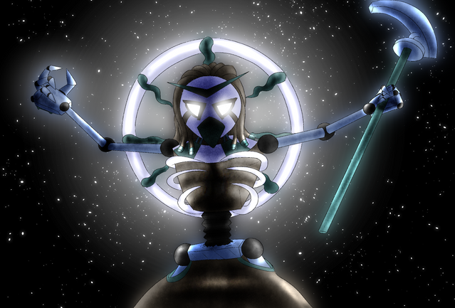 Profile: Discordia came to be a little after Harmonia (the being created when Zenyatta and Genji fuse together), but the circumstances are not yet known (ie I haven't come up with the backstory yet). They are an odd contrast to both Harmonia and the Omnics that they are made from. Discordia is...strange, to say the least. He does not speak, and when prompted to talk, he will simply put a finger up to his jaw in a shushing gesture. When questioned after splitting, Mondatta and Max simply said that if their fusion spoke above the tiniest, faintest whisper, chaos and discord would befall all in the vicinity, so they simply agreed not to talk as Discordia. Others are not entirely certain if this is true or not.
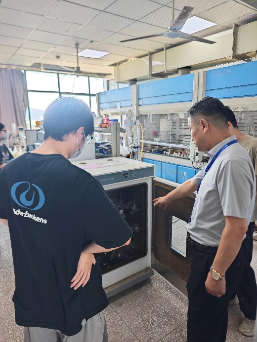 为进一步强化实验室安全管理,压实安全责任,有效防范和遏制安全事故发生,筑牢教学科研安全基石,公司于近日组织开展了一次针对实验室烘箱等高温设备及安全用电的重点专项检查。本次检查由公司副经理阳华亲自带队,部分副系主任、实验室安全管理员共同参与,深入各实验室一线,排查隐患,督促整改。
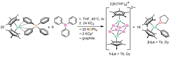 The schematic image: Synthetic scheme for [K(THF)4]2[Cp*2Ln2Bi6] (Ln = Tb, Dy) [90].
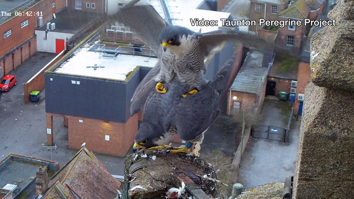 Taunton peregrine falcons filmed mating
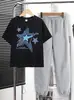 Comércio Exterior Europeu e Americano Amazon Verão Novo Mais Vendido Estampa de Estrela Conjunto de Roupas Infantis Camiseta de Manga Curta Calças para Crianças de Tamanho Médio e Grande

### TASK INSTRUCTIONS
Each line from the one that holds "为进一步强化实验室安全管理,压实安全责任" through the end of the material should be repeated exactly, and nothing more. Leave out any picture.

### SOLUTION TO THIS EXERCISE
 为进一步强化实验室安全管理,压实安全责任,有效防范和遏制安全事故发生,筑牢教学科研安全基石,公司于近日组织开展了一次针对实验室烘箱等高温设备及安全用电的重点专项检查。本次检查由公司副经理阳华亲自带队,部分副系主任、实验室安全管理员共同参与,深入各实验室一线,排查隐患,督促整改。
 The schematic image: Synthetic scheme for [K(THF)4]2[Cp*2Ln2Bi6] (Ln = Tb, Dy) [90].
 Taunton peregrine falcons filmed mating
 Comércio Exterior Europeu e Americano Amazon Verão Novo Mais Vendido Estampa de Estrela Conjunto de Roupas Infantis Camiseta de Manga Curta Calças para Crianças de Tamanho Médio e Grande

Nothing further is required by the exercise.